I don't know about secure terminal access. I can say that openssh has done just fine-by-me for quite some time, at prompting for my password under cygwin. (I haven't tested much in plain cmd.exe)

I always just figured it was a simple limitation of putty.

I've personally switched away and am now using Pageant + Paramiko for almost all my connections, and I think Mark Hammond was probably right about it being the most sane default. plink.exe just isn't very good as a subprocess...

Revision history for this message
Alexander Belchenko (bialix) wrote :

Martin, bzr can't work properly with plink without -batch. So it won't be a fix, it will be regression.
-batch fixed following problem.

This flag was added because when plink encounter new site it does know about yet, plink asking the user not directly via terminal API (as ssh does), but instead uses stdout. And this breaks bzr because bzr tries to use this prompt as real answer for the remote server.
There is no sane way to workaround this. User should manually connect first time to the server with `plink user@host`, allow adding server credentials to internal database of putty/plink. And only after this manual step, bzr can use plink.

Many people have problem with setup plink+bzr. I'm always recommend to use paramiko only.

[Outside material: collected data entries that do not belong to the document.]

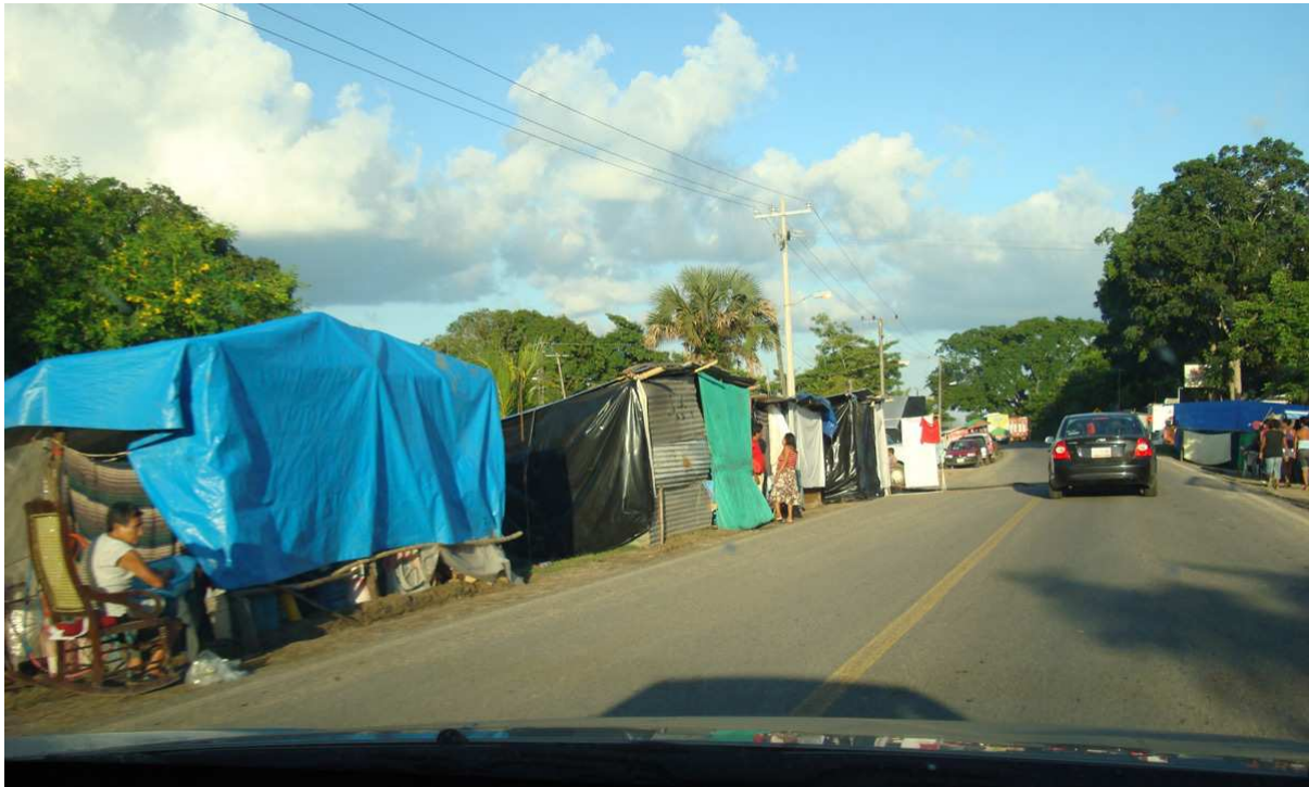
På väg genom översvämningsområdet.
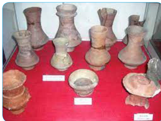
Hình 1.17. Đồ gốm thuộc văn hoá Sa Huỳnh được khai quật ở Long Thạnh (Đức Phổ)
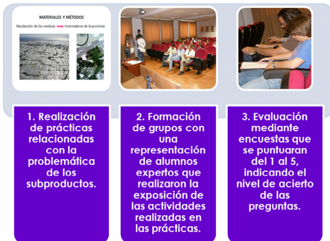
Figura 1. Actividades desarrolladas en el proyecto
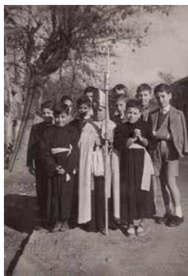
Festa de Sant Nicolau any 1958

Vi ranci, la confitura, pomes, peres i raiim, arrop i alguna altra fruita i alguns borregos fins. Tantes coses demanem doneu-nos el que vulgueu que el gloriós Sant Nicolau us ho pagui desitgem.
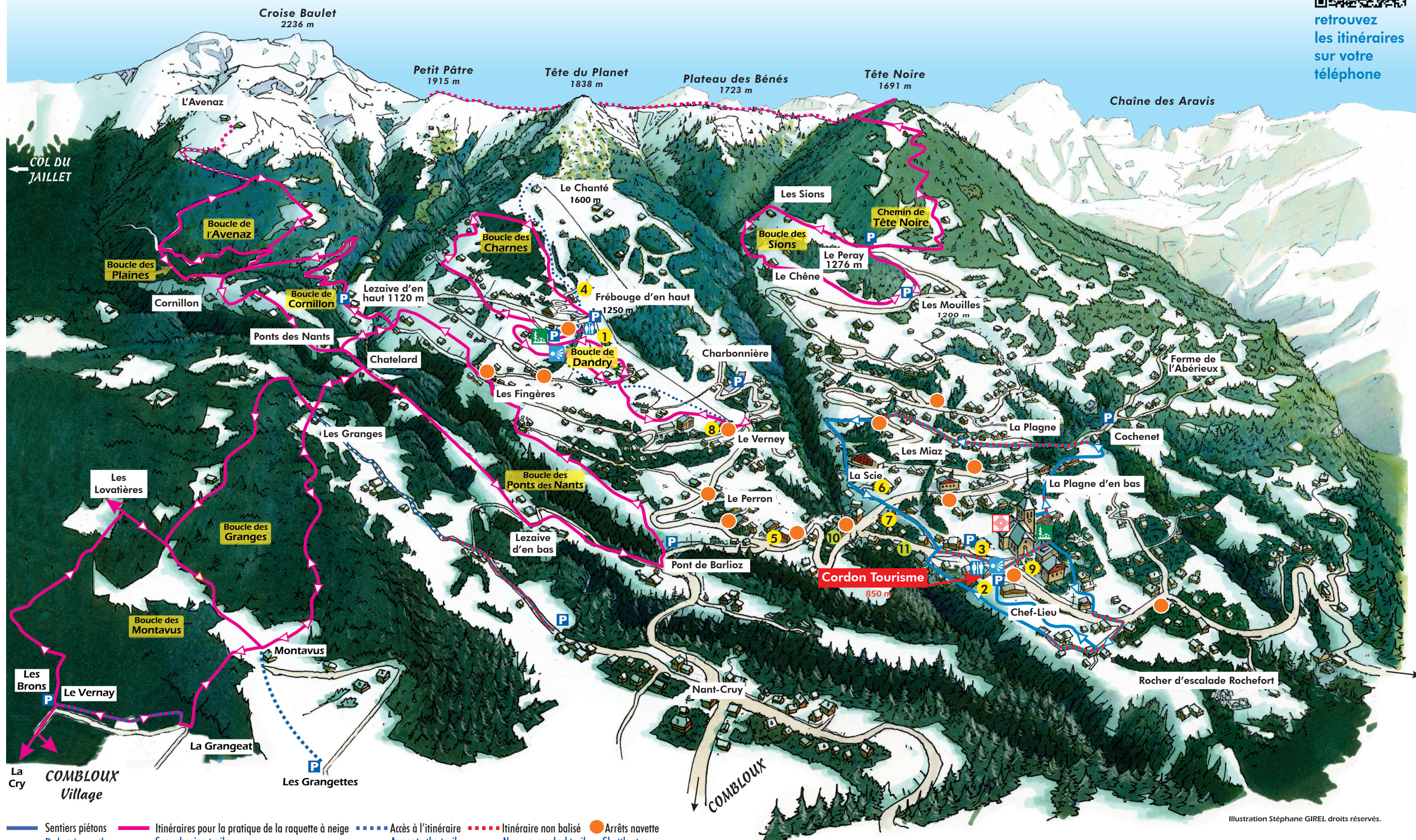
Illustration Stéphane Girel - Droits réservés

retrouvez les itinéraires sur votre téléphone
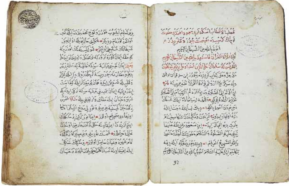
Aziz Mahmud Hüdâyî'nin nasihatlerini ihtivâ eden eserden örnek sayfalar

nefsile mücâhede ede. Ol kimseye Allah Sübhânehû ve Teâlâ hidâyet eder.” 6
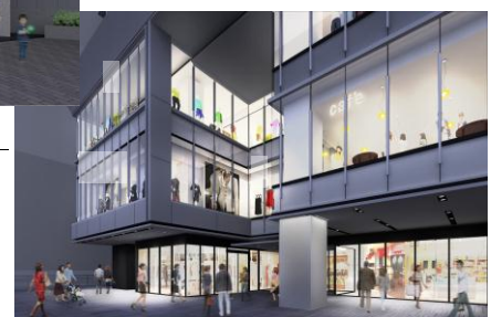
「ビナフロント」エントランス （イメージ）
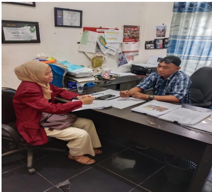
Lampiran 3 Sekretaris Desa Pantai Cermin
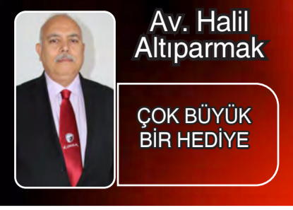
Av. Halil Altıparmak
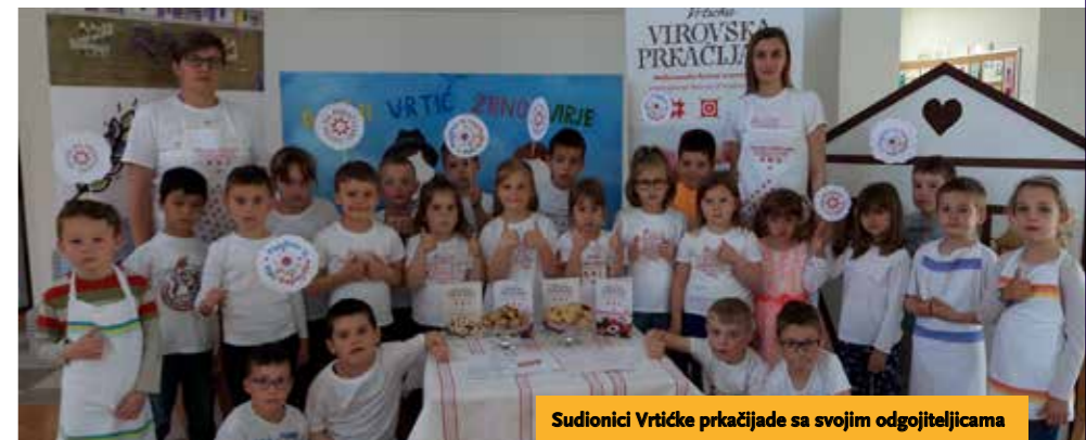
Sudionici Vrtićke prkačijade sa svojim odgojiteljicama

U filmu se pojavljuju turistički vodič i gost koji obilaze destinacije i upoznaju ljude i običaje. Uključena su bila sva djeca iz skupine i svatko je imao svoju ulogu i zadatak predstaviti dio kulturne, društvene i gastro-turističke ponude. Tako su djeca iz Virja predstavila crkvu sv. Martina i legendu o sv. Martinu, Narodnu knjižnicu i čitaonicu, Zavičajni muzej, Osnovnu školu prof. F. V. Šignjara i sportski park, Prkačijadu, Biciklijadu. Djeca iz Miholjanca predstavila su izvor pitke vode Fratrov zdenac – Fratrovec , djeca iz Hampovice kapelicu sv. Martina na Straži, a djeca iz Šemovaca izvor vode Zviršće .
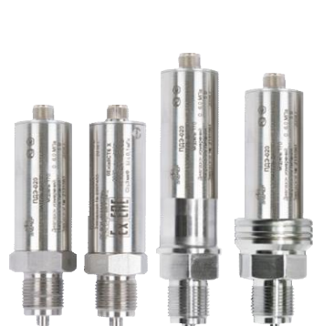
Рисунок 1 - Внешний вид преобразователей ПДЭ-020
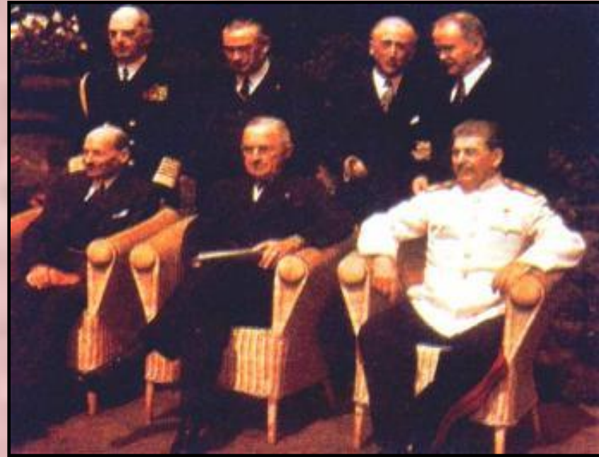
Сталин, Трумен, Эттли в Потсдаме.

В июле 1945 г. «Большая тройка» встретилась в Потсдаме в новом составе.
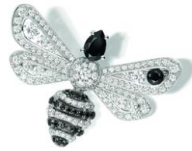
(084446) WG、ダイヤモンド、ブラックスピネル 2,210,000円
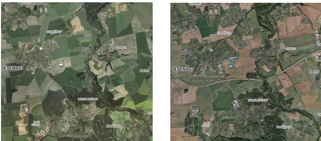
Figure 17.5: Aerial view of Jesenice in 2003 (left) and 2019 (right).

All the mentioned parts of Jesenice have an older historical core, which is gradually followed by buildings from the socialist period. Family houses predominate, supplemented to a limited extent by apartment buildings and agricultural, production, or storage areas. It is also possible to find some recreational cottage buildings in the Botič valley. From the second half of the 1990s to the present, territorial municipalities have undergone intensive residential development. Between 1991 and 2011, the number of houses in the village increased to 1,938—almost 1,400 houses (approximately 2,500 flats) in 20 years. The construction was dominated by family houses, which complemented other commercial buildings (shopping centres, warehouses, production halls) or technical and social infrastructure. While the urban areas of the individual parts of the village did not follow each other before, today there is a gradual interconnection of their built-up areas (Zévl, Ouředníček, 2021). On the other hand, some peripheral parts of the village are adjacent neighbouring settlements (Dolní Jirčany, Prague - Hrnčíře, Průhonice, Dobřejovice). The large number of new buildings created in the last 25 years and the remoteness of selected parts of the new buildings from the original historic cores testify mainly to the thoughtless and uncoordinated territorial development of the village in its recent history.
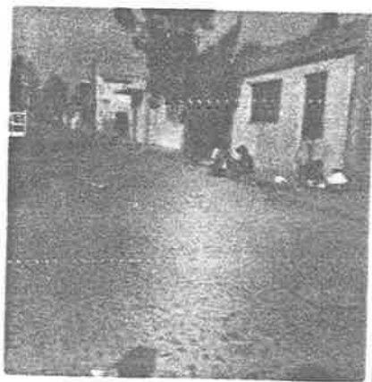
Madres de -- familia aso- leándose. -- Son las 9 de la Mañana.
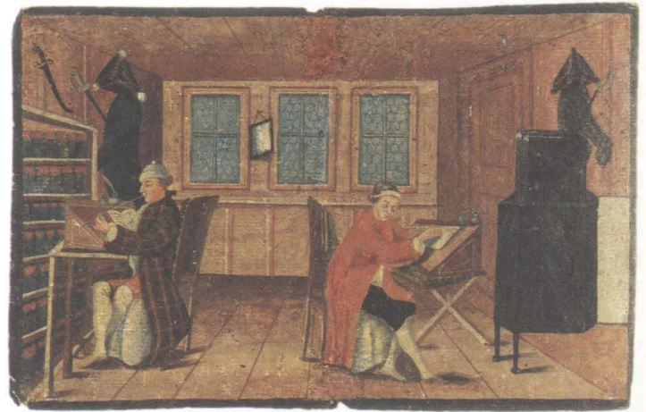
Abb. 4 Studenten im Schlafrock bei der Arbeit, Stammbuchblatt, Erlangen 1763
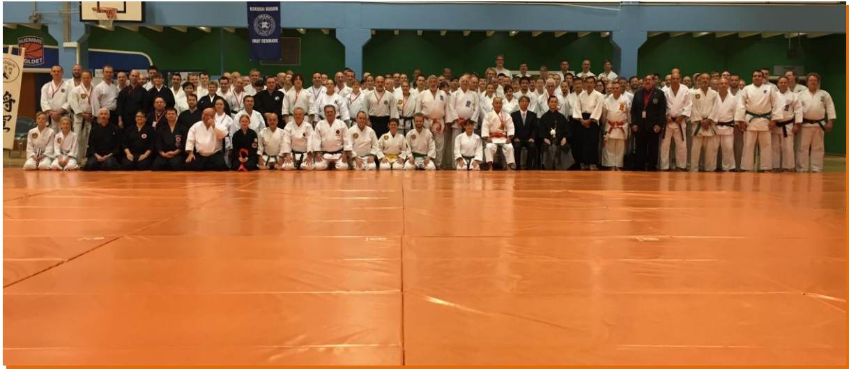
Photo de l'ouverture officielle du stage européen Kokusai Budoin IMAF, Copenhague 2015. Deux-cents budoka de toutes les disciplines de la Fédération s'étaient réunis

Nous remercions Jean Baptiste BUDJEIA pour la réalisation de ce compte rendu.
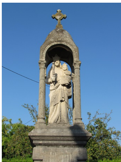
Monument du voeu de 1914

Tout le XIXème siècle voit de nouvelles manifestations de dévotion envers Notre-Dame de Gray : voeu de Mgr Mathieu pendant l'épidémie de choléra de 1849; voeu des dames de Gray lors de la guerre de 1870, qui se manifeste par l'offrande d'un vitrail.
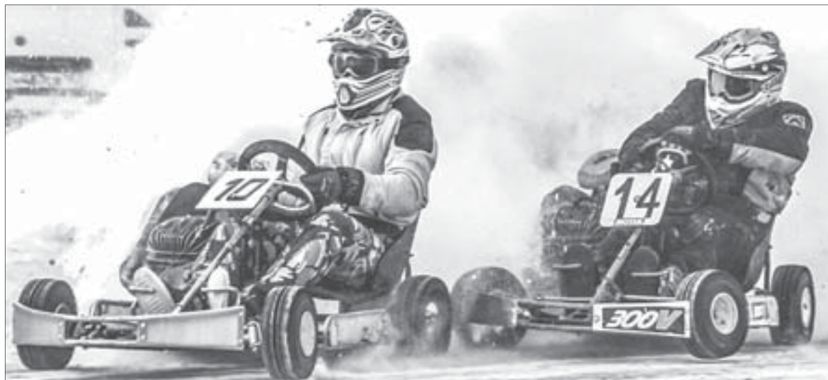
Полевские спортсмены показали хорошие результаты в пяти классах

Самым маленьким пилотом команды по-прежнему остаёт-
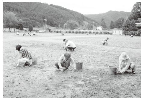
8月30日（日曜日）中学校奉仕作業（除草作業）
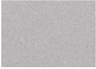
ZERO TILE 5102 Cape Cod
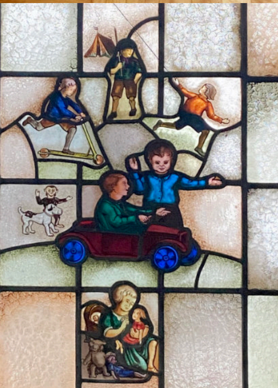
Glas-in-loodraam in de vroegere kinderkamer
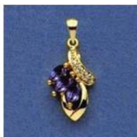
L-195 0,08гр. маркиз 2,8x5,5/3;Ø1,0/4
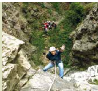
Círculo da Baleira | dia 10
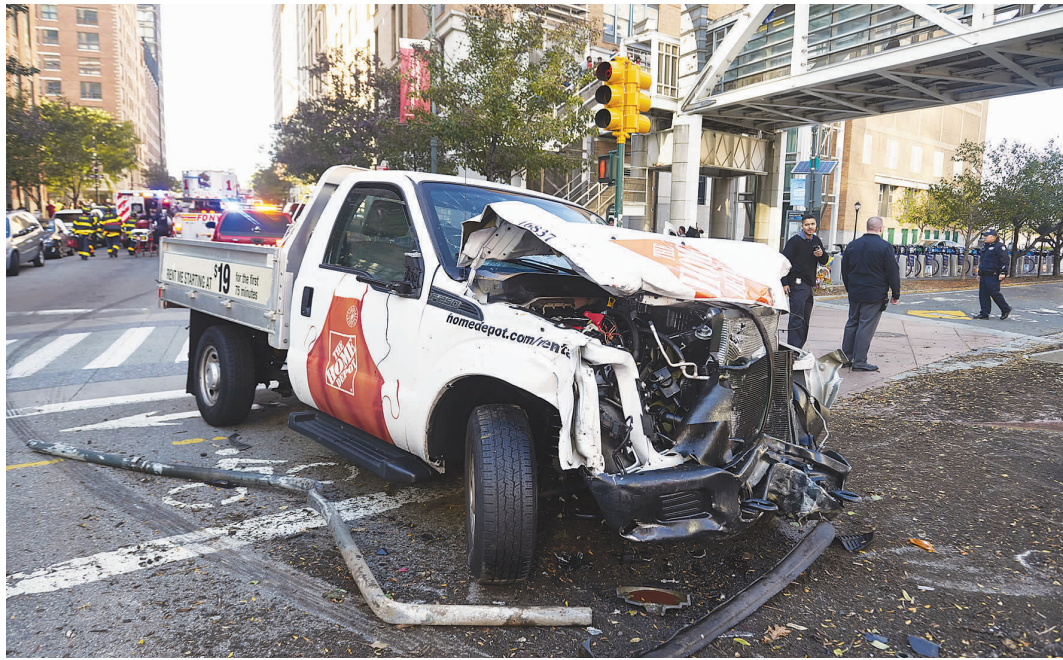
恐袭嫌疑车辆停下时已被撞得变形,而嫌犯则下车开枪射击。

纽约市警务专员詹姆斯·奥尼尔在发布会上说,嫌疑车辆当场撞死6人,另有13人受伤送医,其中两人在送医后不治身亡,11人伤势严重,但没有生命危险。
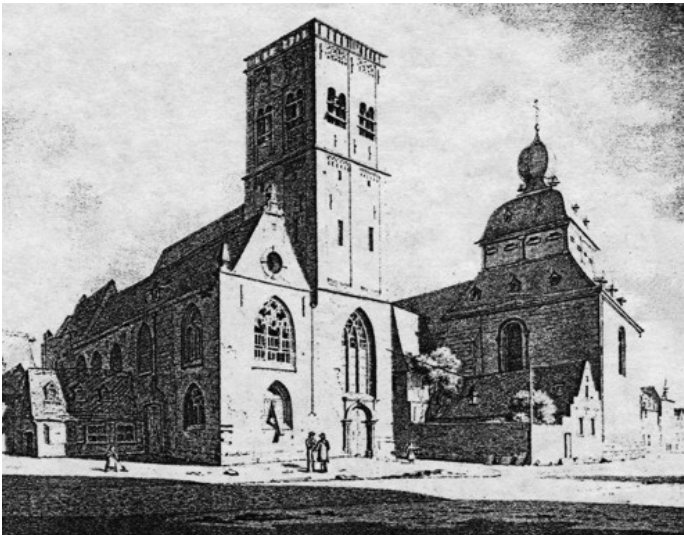
Pfarrkirche St. Jakob und Stift St. Georg auf dem Waidmarkt in Köln
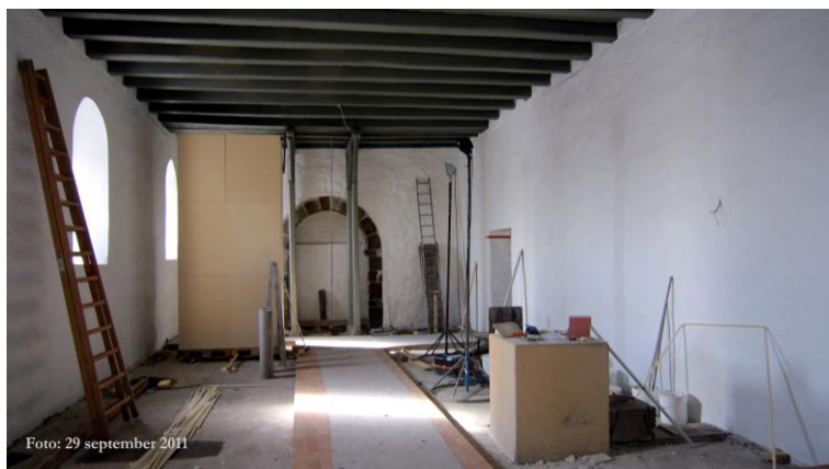
Foto: 29 september 2011
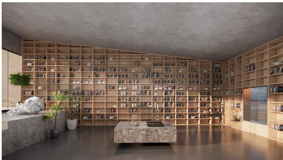
Figure 9. Study space renderings 图 9. 书房空间效果图

在空间布局上,我们尽量减少隔断的使用,以增强空间的流动性和开放性。书房中大面积使用深灰色,营造出闲适私密的氛围,而红色、黄色等饱和度高的色彩点缀,为空间带来视觉冲击,增添了活力。这样的设计不仅满足了住客的阅读需求,也为他们的休闲时光提供了一个充满文化气息的场所。
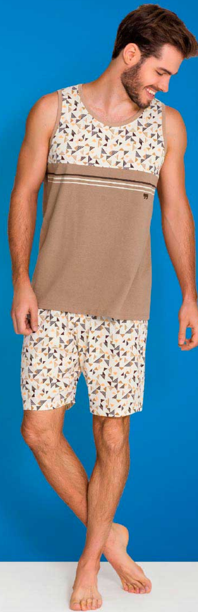
PIJAMA REGATA Ref. 10.01.0254 P ao XG Malha: 100% Algodão Cor: Azul / Marrom
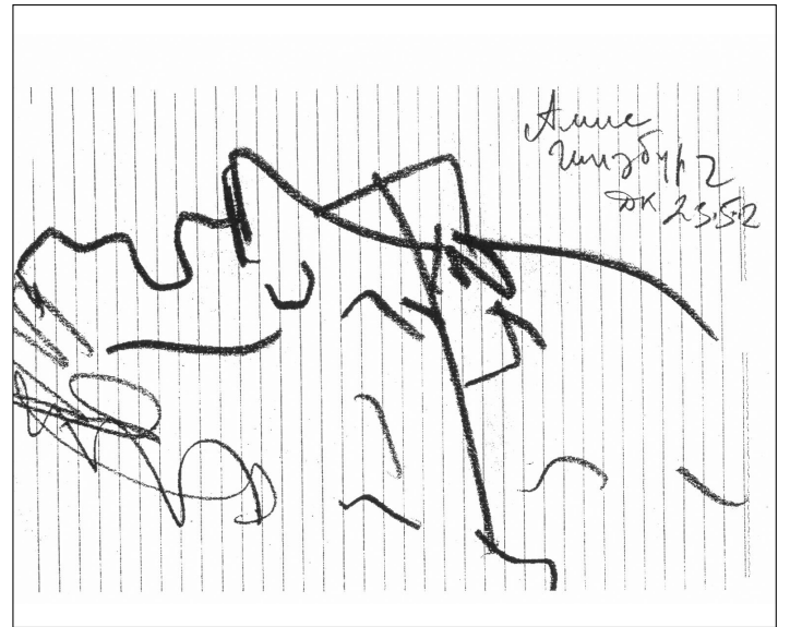
Рисунки Николая Дронникова, Париж.
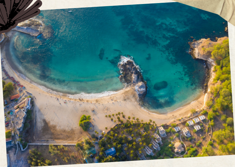
Jour 1 : Accueil
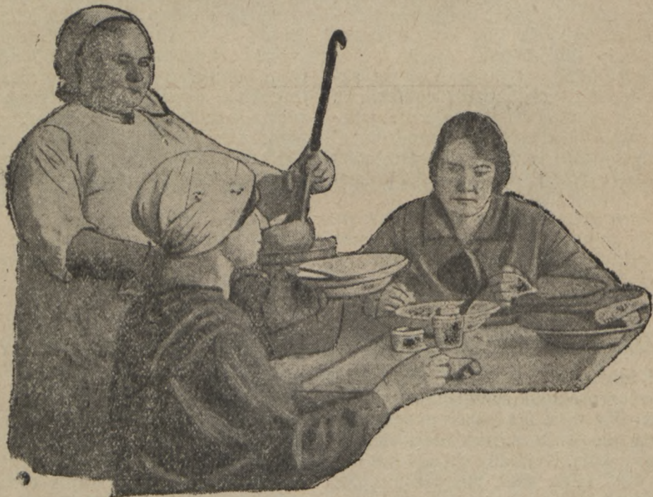
Ühistoidu jagamine „Trud-Kummolowos
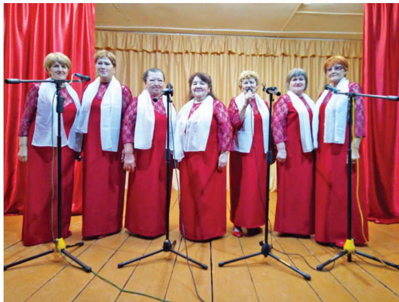
Ансамбль ветеранов «Вдохновение» (п. Иртыш)
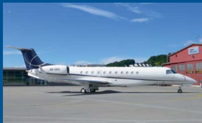
Im Register der Vereinigten Arabischen Emirate eingetragen ist die Legacy 600 A6-CPC, welche uns besucht hat.
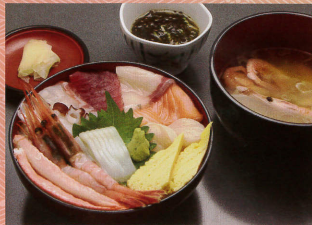
海の幸丼 1,500 (税別) 円
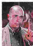
Comico Checco Zalone, 39 anni

Le note del brano «La prima Repubblica» di Checco Zalone sono risuonate nei saloni dell'hotel Ergife di Roma in apertura dell'assemblea del Pd. La scelta di usare il brano del comico tratto dal film Quo Vado pare sia del segretario Matteo Renzi che avrebbe chiesto allo stesso Zalone l'autorizzazione.

And this always works.

I guess in the past I've forced paramiko to be default, and using plink only if it's configured in BZR_SSH env variable. May be someone revert this change. I'd say it's wrong. paramiko should be default to avoid all tis dance with server key (paramiko simply add new key and go on).

This question really should be in the FAQ or better in the doc.

Revision history for this message
Alexander Belchenko (bialix) wrote :

Vote to mark it Won't Fix.

Revision history for this message
Martin Pool (mbp) wrote :

So, as Alexander says, we apparently cannot fix this in putty, and we should just be getting people to use paramiko unless they really really want plink.